Records to process

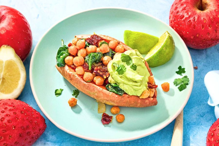 The combination of roasted sweet potatoes with a warm chickpea, sun-dried tomato, and spinach filling offers a satisfying balance of fiber and plant-based protein, making it ideal for sustained energy.
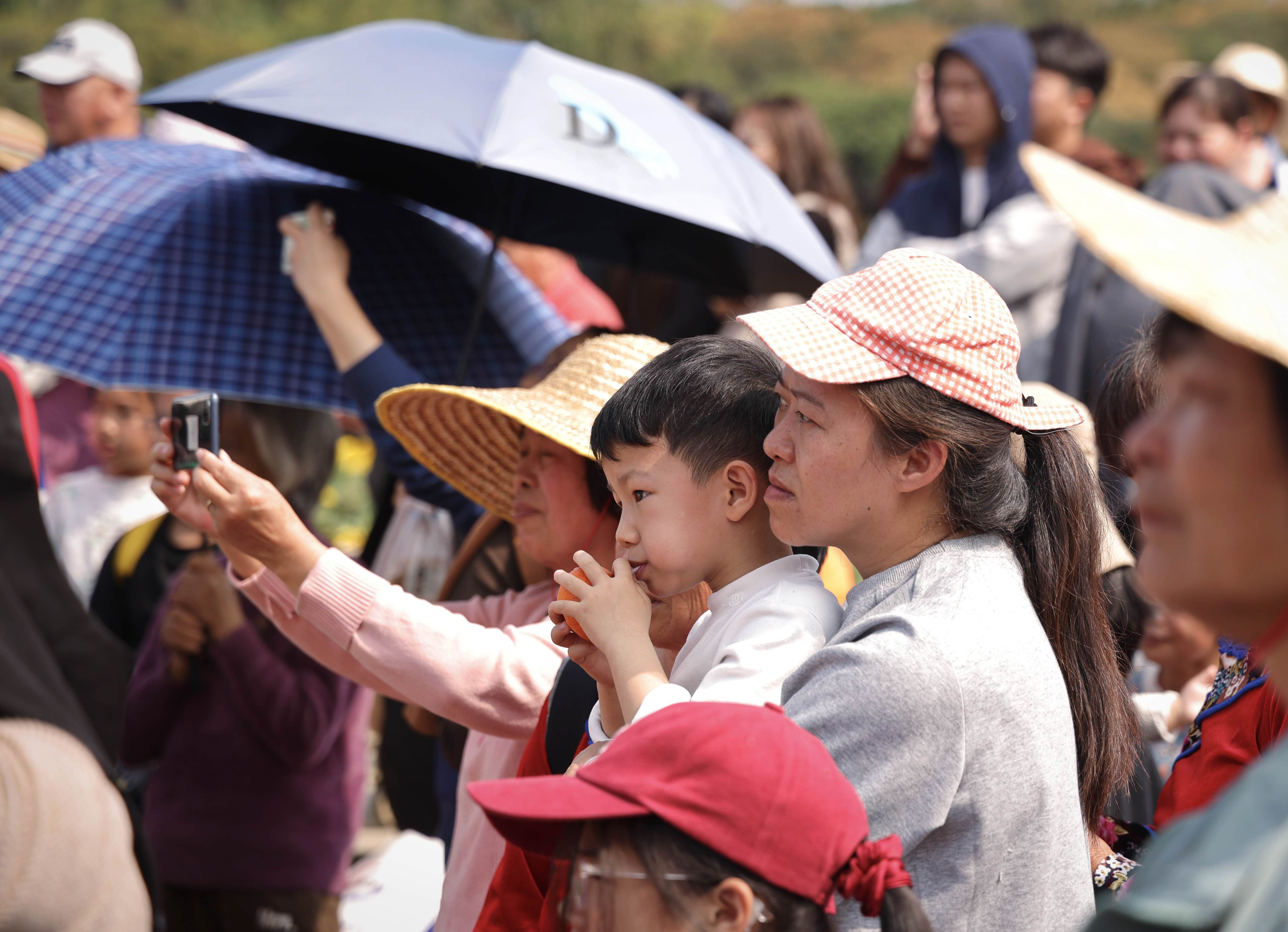 现场,葵花种植户介绍,今年他种植了油葵和食用葵花两个品种,油葵预计能出油约1.5万斤,食用葵花既能吸引游客观光,葵花籽还能当零食售卖,仅这一项预计增收就有10多万元。去年试种打底后,今年种植技术更加娴熟,葵花盘和籽粒都比去年更出众。这一切都离不开镇、村和农业部门的帮扶:优质种子统一发放,华南农业大学的专家从下种到施肥、防虫害全程指导,镇里还专门派技术员跟进食用葵花的试种工作;村里不仅帮忙协调土地流转,还主动带游客赏花,联系榨油坊、拓宽销路,让种植户倍感安心。
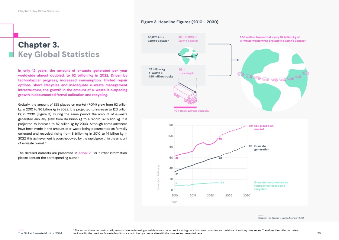 报告指出,这6200万吨电子废弃物将装满155万辆载重40吨的卡车,这些卡车首尾相接基本可以环绕赤道一圈。这些废弃物还相当于10.7万架全球最大(853座)、最重 (575吨)客机的重量,完全能够形成一个从纽约到雅典、从内罗毕到河内或从香港到安克雷奇的首尾相连的机队。
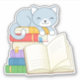 Cute little cat is lying on top of a stack of books. One book is opened in front of the stack.
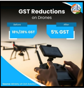 - ड्रोन पर जीएसटी: सितंबर 2025 में ड्रोन पर जीएसटी को घटाकर एक समान 5% कर दिया गया था। पहले 18% और 28% की कर दरों को हटा दिया गया था। यह सरलीकृत कराधान ड्रोन के व्यापक वाणिज्यिक और व्यक्तिगत उपयोग का समर्थन करता है। नेक्स्टजेन जीएसटी सुधार ड्रोन पायलट प्रशिक्षण के लिए उपयोग किए जाने वाले उड़ान और गति सिमुलेटर पर भी लागू होता है। इससे प्रशिक्षण संस्थानों की लागत कम होगी और ड्रोन पारिस्थितिकी तंत्र में कौशल विकास को और मजबूती मिलेगी।
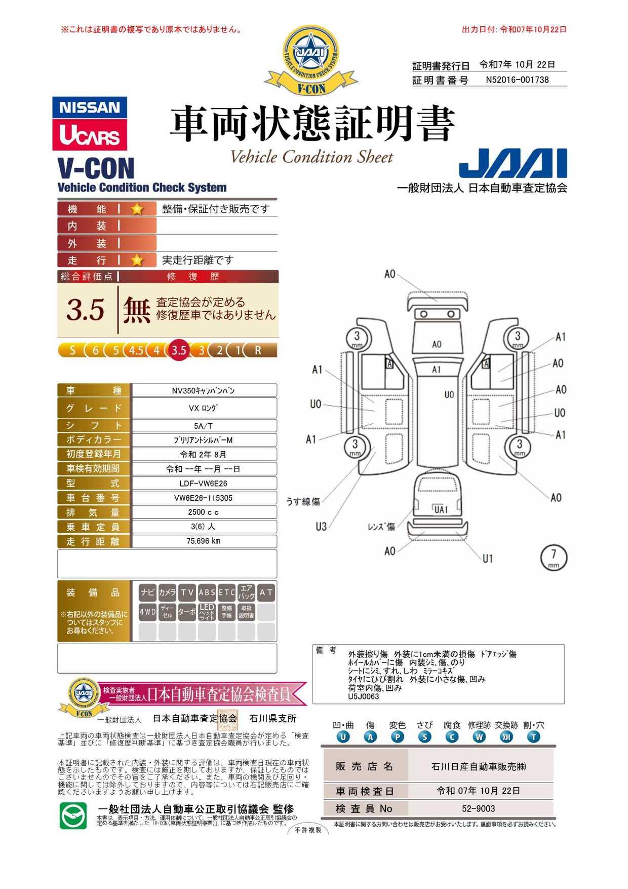 車両保証(NV350キャラバンバン ロングVXターボ:石川日産自動車販売(株) UCARS金沢)
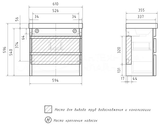 Equil Тумба с раковиной Soldi 60 2 ящика подвесная белый софт
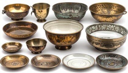 Many different bright multicolored ceramic bowls and cups handcrafted. Top view. View from above. Background texture
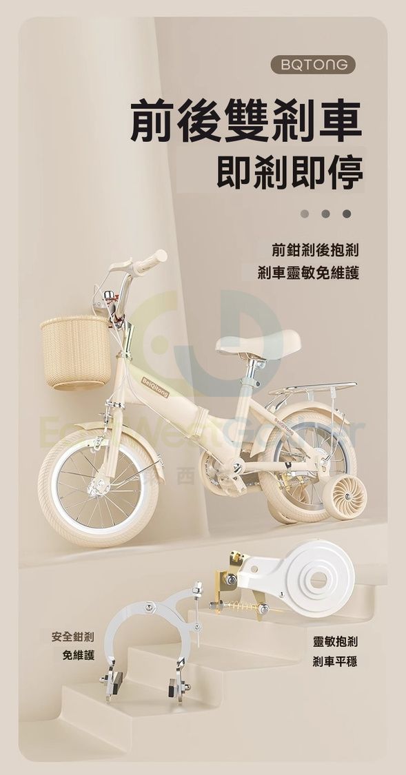 包安裝送貨 - 兒童自行車 Children's bicycle 20吋 【米胎】+靜音輪+折疊(身高125-145CM,約8-12歲) 童車 小孩折疊脚踏單車(M1122796-53)
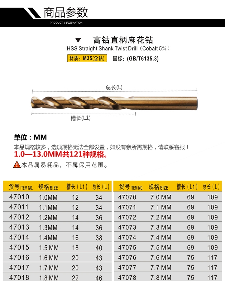 推荐用途应用于不锈钢、模具钢、铝合金、铸铁、铜、镀锌管等金属材质打孔 保质期720天
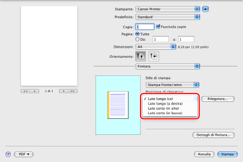 Selezionare la stampante → [Finitura] → selezionare [Stampa su un lato] o [Stampa fronte/retro] da [Stile di stampa].

Work item
Everything in the data except the pictures must be transcribed exactly.

Your response
 The combination of roasted sweet potatoes with a warm chickpea, sun-dried tomato, and spinach filling offers a satisfying balance of fiber and plant-based protein, making it ideal for sustained energy.
 现场,葵花种植户介绍,今年他种植了油葵和食用葵花两个品种,油葵预计能出油约1.5万斤,食用葵花既能吸引游客观光,葵花籽还能当零食售卖,仅这一项预计增收就有10多万元。去年试种打底后,今年种植技术更加娴熟,葵花盘和籽粒都比去年更出众。这一切都离不开镇、村和农业部门的帮扶:优质种子统一发放,华南农业大学的专家从下种到施肥、防虫害全程指导,镇里还专门派技术员跟进食用葵花的试种工作;村里不仅帮忙协调土地流转,还主动带游客赏花,联系榨油坊、拓宽销路,让种植户倍感安心。
 报告指出,这6200万吨电子废弃物将装满155万辆载重40吨的卡车,这些卡车首尾相接基本可以环绕赤道一圈。这些废弃物还相当于10.7万架全球最大(853座)、最重 (575吨)客机的重量,完全能够形成一个从纽约到雅典、从内罗毕到河内或从香港到安克雷奇的首尾相连的机队。
 Cute little cat is lying on top of a stack of books. One book is opened in front of the stack.
 - ड्रोन पर जीएसटी: सितंबर 2025 में ड्रोन पर जीएसटी को घटाकर एक समान 5% कर दिया गया था। पहले 18% और 28% की कर दरों को हटा दिया गया था। यह सरलीकृत कराधान ड्रोन के व्यापक वाणिज्यिक और व्यक्तिगत उपयोग का समर्थन करता है। नेक्स्टजेन जीएसटी सुधार ड्रोन पायलट प्रशिक्षण के लिए उपयोग किए जाने वाले उड़ान और गति सिमुलेटर पर भी लागू होता है। इससे प्रशिक्षण संस्थानों की लागत कम होगी और ड्रोन पारिस्थितिकी तंत्र में कौशल विकास को और मजबूती मिलेगी।
 車両保証(NV350キャラバンバン ロングVXターボ:石川日産自動車販売(株) UCARS金沢)
 Equil Тумба с раковиной Soldi 60 2 ящика подвесная белый софт
 Many different bright multicolored ceramic bowls and cups handcrafted. Top view. View from above. Background texture
 包安裝送貨 - 兒童自行車 Children's bicycle 20吋 【米胎】+靜音輪+折疊(身高125-145CM,約8-12歲) 童車 小孩折疊脚踏單車(M1122796-53)
 推荐用途应用于不锈钢、模具钢、铝合金、铸铁、铜、镀锌管等金属材质打孔 保质期720天
 Selezionare la stampante → [Finitura] → selezionare [Stampa su un lato] o [Stampa fronte/retro] da [Stile di stampa].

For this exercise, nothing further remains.